= Cape Town Philharmonia Choir =

South African choir based in Cape Town, South Africa

The Cape Town Philharmonia Choir is a South African choir based in Cape Town, South Africa. The choir currently consists of 150 amateur singers, directed by Richard Haigh.

==History and repertoire==

The choir was founded in February 1967 by the late John Badminton, and is based in Cape Town. The choir incorporated a nucleus of experienced singers from its predecessor, the Melodic Choir, which had been directed by Dr Claude Brown. Since 1968, the choir has performed Handel's Messiah every year at Easter and this has become an integral Cape Town tradition. The choir's repertoire includes over 50 choral works – which includes both the serious and the popular.

The choir has also performed engagements with world-class singers and musicians such as Yehudi Menuhin, Luciano Pavarotti, John Rutter and Sir David Willcocks (who has been Honorary President of the choir since 1974). The choir participated in the 1998 Winter Olympics in Nagano, Japan by singing at Cape Point as part of a "round the world" performance of the choral movement of Beethoven's Ninth Symphony in which choirs in different continents were linked by satellite television transmission to the conductor, Seiji Ozawa, in Japan. For several years the choir collaborated with Reinhard Schwarz who often visited Cape Town as a guest conductor. Under his baton, the choir was invited to participate in the Schubert Bicentenary Festival in Vienna in May 1997, as well as performing in Munich. On his last tour to Cape Town before his death, Schwarz chose to conduct the choir in a performance of Dvořák's Requiem.

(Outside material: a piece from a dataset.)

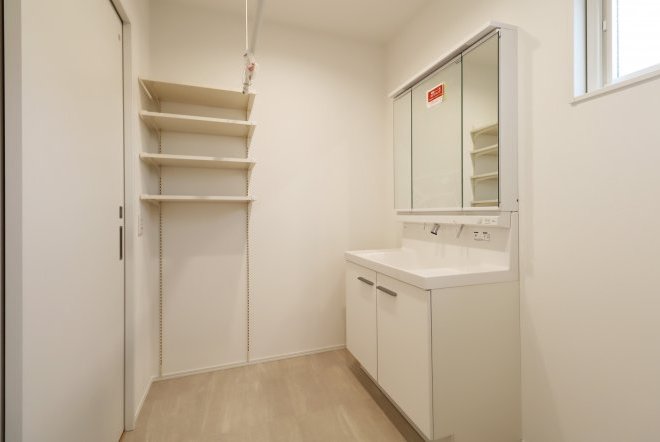 ため、洗面まわりの小物を収納するのにちょうど良く見た目もすっきりします。また、様々な角度からヘアスタイルの確認ができるのも三面鏡が付いている洗面化粧台のメリットです。

In 2001, the choir toured to England where they performed in several cathedrals and churches, and were scheduled to perform Elgar's The Dream of Gerontius in Worcester Cathedral on 2 June, the anniversary of the composer's birth.

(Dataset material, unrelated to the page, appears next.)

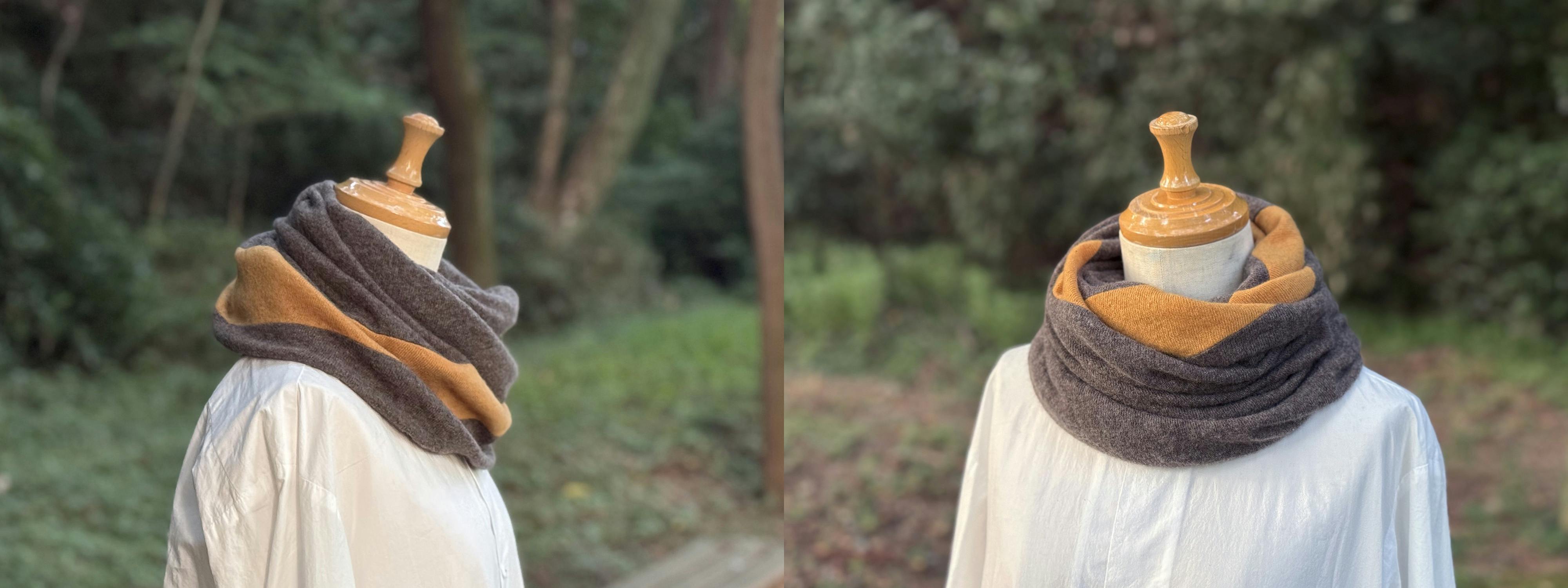 カシミヤを用いた日常に携える首着を制作しています。これは外でも部屋の中でも、いつでも傍にあるそんな存在です。

The Philharmonia Choir has been conducted by many well-known international conductors, including Dr Donald Hunt, Nicholas Cleobury, and Sarah Tenant-Flowers, whose Harlow Chorus sang with the Philharmonia in the Easter performances of Messiah in 2005. The Norwegian conductor Kåre Hanken has also conducted the choir on several occasions. In 2009, the choir performed with the KwaZulu Natal Philharmonic Orchestra, under the baton of the American conductor William Eddins at the Cape Town City Hall accompanied by the American soprano Renée Fleming. In October 2010 the Philharmonia Choir, singing together with the Symphony Choir of Cape Town, performed Verdi's Messa da Requiem, conducted by Victor Yampolsky, and in November 2011 the choir collaborated with the New Apostolic Church Choir in a performance of Brahms' Ein deutsches Requiem, under the baton of Martin Panteleev. In 2012 the Choir performed Haydn's The Creation in the original German.

==Directors of Music==
The directors have included Christine Reynolds, Raymond Hughes, Vetta Wise, Margaret Barlow and Antoinette Blyth, a former student of Norwegian maestro Kåre Hanken. In January 2013, Richard Haigh, an accomplished choral conductor and music educator, was appointed as the seventh Director of Music of this choir.